Я как разделил хлеб на доли, так сразу и пригорюнился: завтра утром Шурка с Наташкой сядут за стол, глянут на тощие лепесточки-ломтики и – заревут. Заревут обязательно. Одними разговорами их не накормишь.
И вот я взял свою долю, отрезал от нее третью часть, оставил себе, а две трети прибавил к ребячьему пайку. Так поступать я стал каждый раз, и малыши ничего не замечали. Ведь им-то я говорил, что съедаю свой хлеб с утра, пока они спят.
Но все равно это был не выход. Во-первых, я стал тощать; во-вторых, убыло у нас не только хлеба. Вез него начала быстро подходить к концу картошка, да и коза на подножном корме почти совсем перестала доиться. Нам грозил настоящий голод, надо было что-то придумывать.
Конечно, я мог бы обо всем рассказать Бабашкиным, да только знал: у них по кладовым тоже не густо. Дед Николай отнес в деревню новенький патефон и поменял его на мешок овсяных отрубей. Поменял по нынешним временам хорошо, музыка нынче была не в цене.
Я тоже решил проверить, не найдется ли и у нас чего променять. И хотя без мамы браться за такое дело было страшновато, на всякий случай заглянул в комод. Я выдвинул нижний ящик и сразу увидел темно-серый пиджак отца. Тот самый пиджак, в котором он был на гулянии за рекой и которым укрывал нас в грозу.

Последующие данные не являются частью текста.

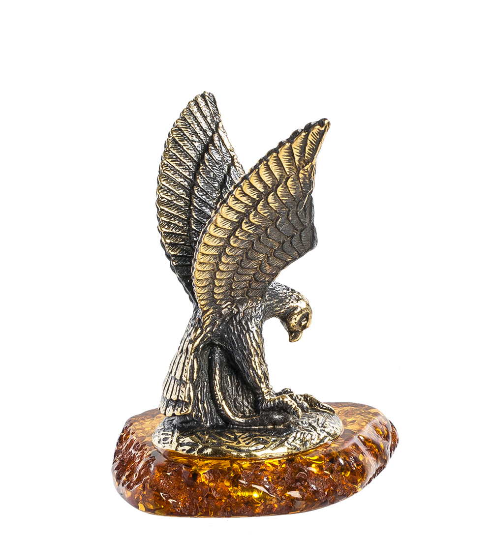 Am-1241 фигурка орел со змеёй (латунь, янтарь)

От пиджака и сейчас еще пахло духами «Красный мак». Отец торжественно преподнес их маме в тот праздничный день, а мама, как открыла флакон, так сразу побрызгала отцу на пиджак, мне и ребятишкам на головы. А себе она тогда лишь тронула стеклянной пробкой белую впадинку на шее, посмотрела в зеркало, засмеялась, и отец тоже почему-то засмеялся…
Воспоминания нахлынули на меня. Я стоял, гладил мягкую ткань пиджака, и о том, чтоб отнести его в деревню, даже не хотелось думать. Мне хотелось думать только о том, как славно нам было с отцом до войны, какие у нас были с ним расчудесные денечки.
Перед самой войной отец получил новенький гусеничный, до той поры у нас еще невиданный, трактор «НАТИ». Новый трактор так пришелся отцу по душе, что он сразу и название-то переиначил. Он стал называть машину почти человечьим именем – Натенька. С железным, ладно скроенным на заводе Натенькой подружился и я.
Бывало, набегаюсь по поселку с ребятами, так что ног под собой не чую, и вот приду домой, сяду в прохладной комнате перед ярким распахнутым окном. Сяду, расставлю на подоконнике самодельную флотилию бумажных кораблей и вдруг слышу: где-то далеко-далеко гудит трактор.
Гудит он негромко. Его перебивает звон вагонных буферов на станции. Его перебивают свист и пыхтение паровоза на запасных путях, но совсем заглушить не могут. Дальний голос трактора похож на упрямое гудение майского жука, он все жужжит и жужжит в синеве за окном, и одно надтреснутое стекло в раме начинает ему вторить. А я уже узнаю: это отец с Натенькой приехали работать в окрестные поля, и я мигом позабываю об усталости и бегу на голос трактора.
Я бегу напрямик по широкому, почти бескрайнему клеверищу. Надо мною огромное небо с огромными облаками. Сочные стебли клевера мне по пояс. Их пунцовые шапки кланяются мне. Встречный ветер пахнет медом, вокруг звенят шмели, а прямо из-под ног выкатывается зайчонок и опрометью, высоко подскакивая, улепетывает по густым клеверам. Должно быть, запировался серый да и проглядел, прослушал, как я топочу пятками по теплой земле.
Клеверище уходит отлого вверх. Оно раскинулось на широком холме, переваливает через него, и мне кажется, что я взбегаю прямо в небо. Мне кажется, что там, за гранью холма, уже ничего нет – там голубой край земли.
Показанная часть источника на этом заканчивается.